Because the SPC (which at this point is further from the desired TC than is the DPC) was still 0.0017 inches over the desired TC, the generating radius GR was reduced by an additional 0.0010 inches to 0.4365 inches which, again, left the DPC substantially unchange at 0.0038 inches, but reduced the SPC to 0.0043 inches.
With the SPC now approaching the desired TC of 0.0040 inches, the next step was to reduce the tip radius TR by an amount equal to approximately one half of the difference between the DPC from step 3 and the desired TC. Therefore, the TR was reduced from 1.0474 inches to 1.0473 inches which increased the DPC from 0.0038 inches to 0.0039 inches, but at the same time, resulted in the SPC being increased from 0.0043 inches to 0.0045 inches.
The next step was to further decrease the generating radius GR by approximately the amount of the difference between the SPC from step 4 and the desired TC of 0.0040 inches. Therefore, the generating radius GR was reduced by 0.0005 inches from 0.4365 inches to 0.4360 inches which left the DPC basically unchanged at 0.0039 inches, but reduced the SPC from 0.0045 inches to 0.0038 inches, such that the SPC was then actually below the desired TC.
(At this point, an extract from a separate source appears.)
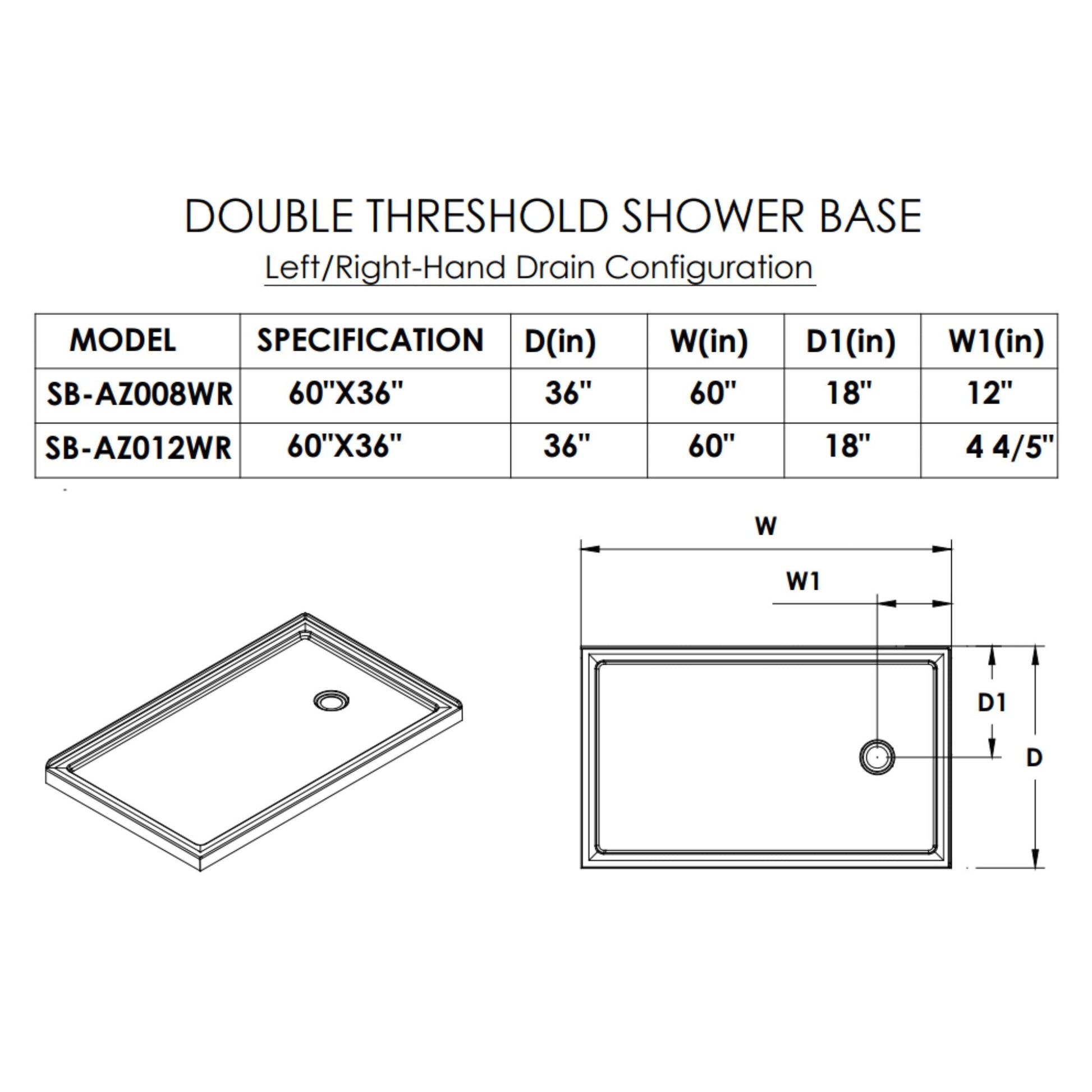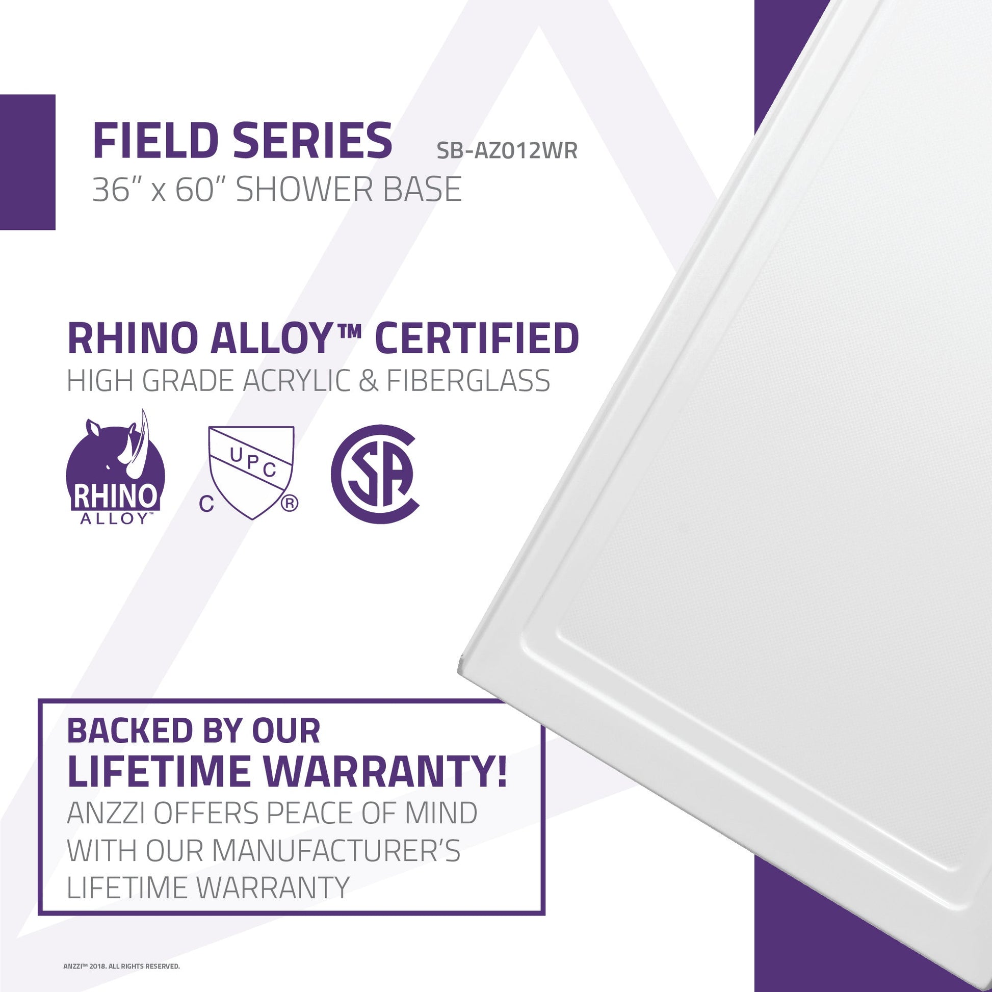 Q: What is the Anzzi Field Series 60 in. x 36 in. Shower Base (SB-AZ012WR)?

In order to illustrate more precisely the method of the present invention, in this and subsequent steps, the SPC and DPC will be carried out to five decimal places. Because both the SPC and the DPC are now less than the desired TC, and the SPC is further from the desired TC, in the next step the tip radius TR was decreased by approximately one half of the difference between the desired TC and the DPC from step 4. Therefore, the TR was reduced from 1.047329 to 1.047323 inches, 0.002077 inches less than the original TR, which increased the DPC from 0.00398 inches to 0.00399 inches, and at the same time, increased the SPC from 0.00387 inches to 0.00389 inches.
Because the SPC is still further from the desired TC than is the DPC, in the next step the generating radius GR was increased from 0.4360 inches to inches which increased the DPC from 0.00399 inches to 0.00400 inches, and increased the SPC from 0.00389 inches to 0.00404 inches.
Because the SPC is still further from the desired TC than is the DPC, and is greater than the desired TC, the next step was to decrease the generating radius GR from 0.4361 inches to 0.43607 inches, 0.00243 inches less than the original GR. which basically left the DPC unchanged at 0.00400 inches, while decreasing the SPC from 0.00404 inches to .00400 inches.
As was mentioned previously, the iterative process does not necessarily have to be continued until absolute mathematical equality of SPC and DPC is accomplished, although in the above example, the process was continued until both SPC and DPC were equal to the desired tip clearance TC, out to the fifth decimal place, primarily to illustrate the capability provided by the present invention. However, it should be understood by those skilled in the art that the process could have been stopped several steps earlier, but still have been within the scope of the present invention.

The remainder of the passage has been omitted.